Introduction and Science Goals


Our goal: to develop a nonlinear model that can be used in place of more complex models to describe the time evolution of synchronized astrophysical systems, such as moon formation, ring formation, spiral arm patterns or tidal locking of satellites.


The inspiration to approach astrophysical problems from this point of view came from Dr. Abrams' experience with coupled nonlinear oscillators. Nonlinear dynamics provide a way to utilize "big picture" characterizations about a system alternative to classical mechanics, statistical mechanics and electrodynamics.

While theories of synchronization in two- or three-body astronomical systems are well understood, a generalization to many-bodied systems remains largely unexplored. Historically, problems of resonant capture among astronomical bodies have been treated using methods from conservative classical mechanics. We investigate the possibility of using non-conservative models together with numerical methods to understand the phenomenon of resonant capture in large-scale structures such as rings, planetary systems and galactic spiral arms. In particular, we focus on N-body (N $\gg$ 1) dissipative systems such as circumplanetary discs and use methods drawn from the study of coupled oscillators.
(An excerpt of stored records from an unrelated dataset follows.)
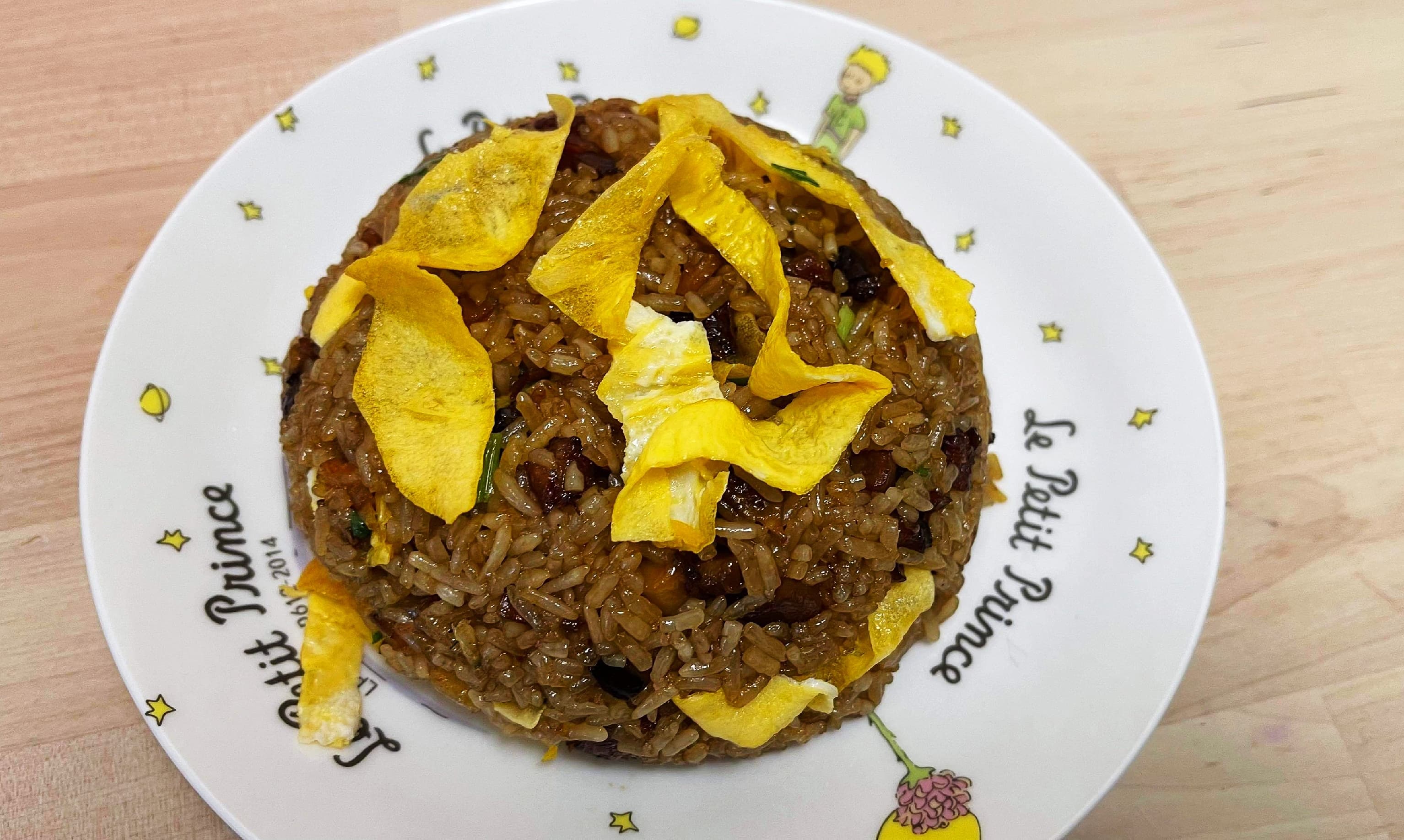 10.加入糯米,快速翻炒至臘味油脂包裹每粒糯米粒。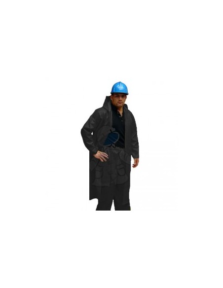 Conjunto fabricado en Impermeable PVC. Vulcanizado con resistencia a químicos en medianas concentraciones, hidrocarburos, grasas, sangres de pollo, res, peces y productos marinos. Tallas de la S-XL. Tallas mayores a XL tienen un costo adicional.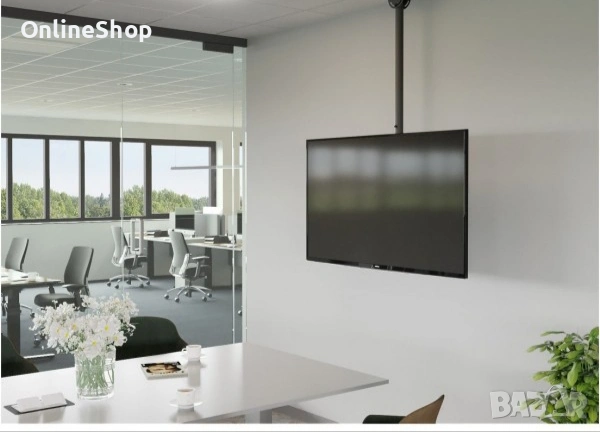 Универсална ТВ стойка за таван за вашия бизнес. Тази практична и удобна стойка за телевизор за таван е чудесен избор за вашия бизнес. Тежи едва 3 килограма, но е изработена от висококачествена подсилена студено-пресована стомана и може да издържа на натоварване до 25 килограма. Притежава семпъл и елегантен дизайн, който се вписва чудесно в различен стил на интериора и няма опасност да наруши цялостния вид ва вашето заведение, офис, магазин или друго. Телевизионната стойка е с лесен и бърз монтаж, а в комплекта с нея ще получите и всички принадлежности като винтове и дюбели, които ще ви бъдат необходими за сигурния и безпроблемен монтаж.

One such method is inspired by the Kuramoto model, which describes mean field behavior in large ensembles of coupled nonlinear oscillators. The Kuramoto model can be modified to allow for non-mean field coupling, leading to the existence of chimera states, in which most of the oscillators synchronize. These chimera states can appear as clusters or spirals of synced oscillators, and may be suggestive of objects in astronomical contexts. We developed a mean-field model for N small particles in a dust ring around a massive planet, which can be tested through numerical experiments using code developed in MATLAB and Python. We are currently in the process of refining the code, after which the numerical experiments will begin.